[No.000]

日記以上、遺書未満。

N.0113 優しい人になりたくなくて

 

 他人に優しく在りたいけれど、優しい人とは言われたくない。

 

 自分の考えとして、優しさって少量の愛を配ることだと思っている。相手に与えることによって、自分も与えられる。相手に優しくすること、優しくしたいと思える人は、慈愛に満ちているのだろうか。勿論、そういうマザーテレサみたいな方もいる。しかし、「とりあえずこの人には優しくしておくか」みたいに打算的な心配りを行う人間だっている。心が込められていなければ、それを”優しさ”と形容することは難しい?。受け取る優しさ全てに重圧な心が込められていると、少々負担を感じる。軽薄な愛、軽薄な優しさが心に沁みる瞬間だってある。受け手側が「優しいな」と感じた時点で、そこに心配りは成立すると、私は考えている。

 

 逆に、いくら相手のことを想って少量の愛を与えたとて、受け手側の心が動かなければ”優しさ”は成立しない。それは与える側、愛を配る側のエゴとなり、受け手側からすればただの迷惑である。そういうこと考えてると、「優しさの押し売り」って言葉が頭の中に思い浮かぶ。

 

 愛を配る為に必要な唯一の要素は、心身ともに余裕があること。心と身体、どちらか一方でも不具合が生じている場合には、他人に優しくすることは難しい。そんな状況でも心を配ろうとする方もいるが、わたしはそれを優しさと形容することは出来ない。何であれ、先ずは自分自身が最優先。他人のことを考える暇があるなら、もっと自分に優しくしてあげてほしい。

 

 例えるなら、余裕とはコップに水が注がれて溢れている状態。表面張力を突破してコップから水が溢れている人が、他の誰かに水を分け与えることが出来る。溢れた水で花に水をやることも出来る。そんな心の余裕が、更なる余裕を生成する。一方、コップに半分しか水が入っていない人は、自らが水を飲むだけで精一杯だ。それなのに世の中は”人に優しくしなさい”と警笛を鳴らす。その教えに従い、苦しいながらも水を配る。その結果として、自分が満たされる程度の水量を確保出来ず、当人は心身ともに枯渇する。そして、余裕はどこまでも遠のいていく。

 

 この水を容れる器がマグカップの方もいれば、ワイングラスのように繊細な方もいる。バケツの方もいれば、浴槽ぐらい大きい方だっている。生活において何もかもが満たされている余裕の塊みたいな人間は、その大きすぎる器を一部改築して温泉にしてしまったりする。「みんな遊びにおいでよ」ぐらいの軽い感覚で、周囲の人々に安心とやすらぎを分け与える。

 

 わたしが言いたいのは、余裕の塊みたいな人間になりなさいとか、余裕を持ちなさい、ということではなくて、先ずは”自分自身を満たしてあげよう”ということ。器がマグカップであれ、ショットグラスであれ、大きさは関係ない。とにかく自分を最優先にすること。書いていて気付いたけど「最優先」って言葉を分解すると、「最も先に優しく」となる。ちょっとこじつけが過ぎるかしら?。
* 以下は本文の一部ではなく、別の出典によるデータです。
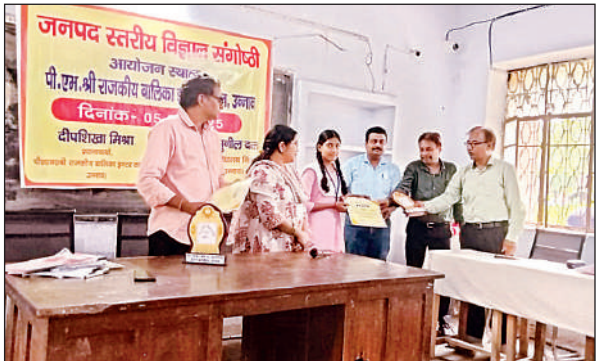
प्रमाणपत्र व स्मृति चिह्न देते निर्णायक मंडल के सदस्य व प्रधानाचार्या। अमृत विचार

क्वांटम युग का आरम्भ, सम्भावनाएं व चुनौतियां विषय पर

 少しばかり話しが逸れたけど、自分の器が満たされて初めて、溢れた分の水=少量の愛=優しさを相手に配ることが出来る。

 

 

 わたしは相手から"優しい人"、と思われたくないと考えている。そんなこと言われるともう二度とこの人には優しく出来ないなと思ってしまう。これは反抗期の天邪鬼だけでは終わりません、話しは続きます。

 

 優しい人と言われると、どうしても脳内で"いい人"として言葉が変換されてしまう。そして、"いい人"とは即ち"どうでもいい人"だ。表面的なごく一部分だけを見て勝手に判断するのはやめてほしい。もっと私をよく見て、もっと醜く汚い部分が心の凡ゆる場所に散らばっているから。優しい人、と言われるぐらいなら"最低、死ね"と言われた方が幾らかマシに思える。

 

 周囲から散々"優しい人"と言われ続けた人間が持ち合わせる、優しさとはかけ離れた惨虐な一部分。否応無しにその一部分は強調される。それならば、私は最低の悪童で在りたい。その上で余裕がある時には優しさを配りたい。ヤンキーが子猫を助けるような、そういうギャップ的高評価を狙っている訳ではない。

 

 「あの人は優しい方」なんて思われてると、その言葉に自分自身が縛られてしまうような気がする。相手の期待に応えようとする難解な自分が姿を現す。「あーあ、優しく振る舞わねばならんのかー」みたいな感じで気が重くなる。そういう自分が嫌いだ。

 

 「あいつは最低の人間だ」と思われていた方が気楽に生きることが出来るし、その言葉からはどことなく愛を感じる。常に優しさを振り撒くよりも、気まぐれで心を配るぐらいがちょうど良いのかもしれない。誰にでも平等に配られる作り笑いよりも、少量の愛を不定期で送りつける方が相手には喜んでもらえる。

 

 だから、私はいつまでも優しい悪童で在りたい。器の水が溢れている時にだけ、気まぐれで心を配りたい。わたしはいつだって最低で、最高の薄情者として生きていくんだ。

 

 

 やっぱり私は、天邪鬼なのかもね。